*TO DO:* Your task is to output the listing exactly, leaving every image out.

** SOURCE DATA follows **

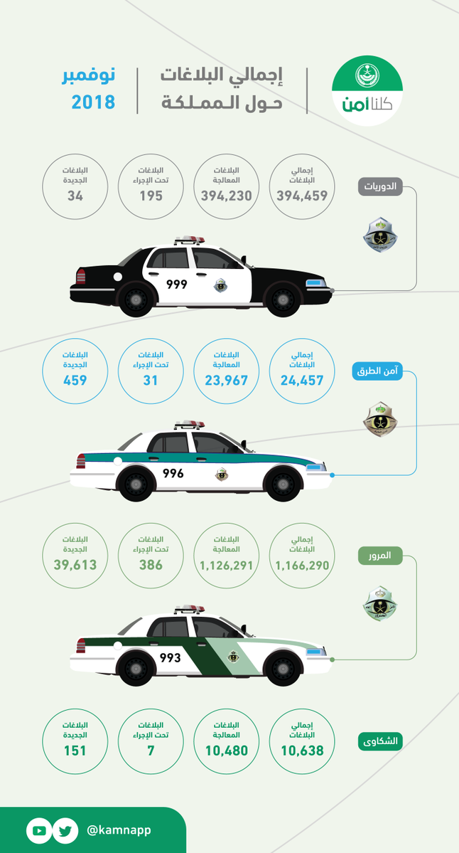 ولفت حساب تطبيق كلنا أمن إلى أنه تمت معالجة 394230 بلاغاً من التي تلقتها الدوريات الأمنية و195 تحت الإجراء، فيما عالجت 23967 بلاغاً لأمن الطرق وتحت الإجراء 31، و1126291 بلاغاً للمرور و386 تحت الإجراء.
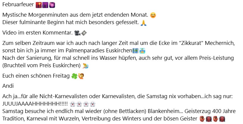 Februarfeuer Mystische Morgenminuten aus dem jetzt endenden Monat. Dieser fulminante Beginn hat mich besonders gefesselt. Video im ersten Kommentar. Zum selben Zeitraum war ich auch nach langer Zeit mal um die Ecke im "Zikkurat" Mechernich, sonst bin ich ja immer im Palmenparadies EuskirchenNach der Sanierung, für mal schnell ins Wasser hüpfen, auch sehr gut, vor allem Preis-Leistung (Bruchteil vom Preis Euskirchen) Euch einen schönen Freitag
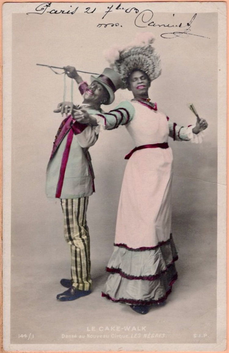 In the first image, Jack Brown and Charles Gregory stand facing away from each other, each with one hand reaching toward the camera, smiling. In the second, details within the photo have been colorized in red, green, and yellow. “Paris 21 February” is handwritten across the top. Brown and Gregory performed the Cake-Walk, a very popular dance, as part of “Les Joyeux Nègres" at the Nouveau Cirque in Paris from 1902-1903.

** End of SOURCE DATA **

*RESULT:*
 ولفت حساب تطبيق كلنا أمن إلى أنه تمت معالجة 394230 بلاغاً من التي تلقتها الدوريات الأمنية و195 تحت الإجراء، فيما عالجت 23967 بلاغاً لأمن الطرق وتحت الإجراء 31، و1126291 بلاغاً للمرور و386 تحت الإجراء.
 Februarfeuer Mystische Morgenminuten aus dem jetzt endenden Monat. Dieser fulminante Beginn hat mich besonders gefesselt. Video im ersten Kommentar. Zum selben Zeitraum war ich auch nach langer Zeit mal um die Ecke im "Zikkurat" Mechernich, sonst bin ich ja immer im Palmenparadies EuskirchenNach der Sanierung, für mal schnell ins Wasser hüpfen, auch sehr gut, vor allem Preis-Leistung (Bruchteil vom Preis Euskirchen) Euch einen schönen Freitag
 In the first image, Jack Brown and Charles Gregory stand facing away from each other, each with one hand reaching toward the camera, smiling. In the second, details within the photo have been colorized in red, green, and yellow. “Paris 21 February” is handwritten across the top. Brown and Gregory performed the Cake-Walk, a very popular dance, as part of “Les Joyeux Nègres" at the Nouveau Cirque in Paris from 1902-1903.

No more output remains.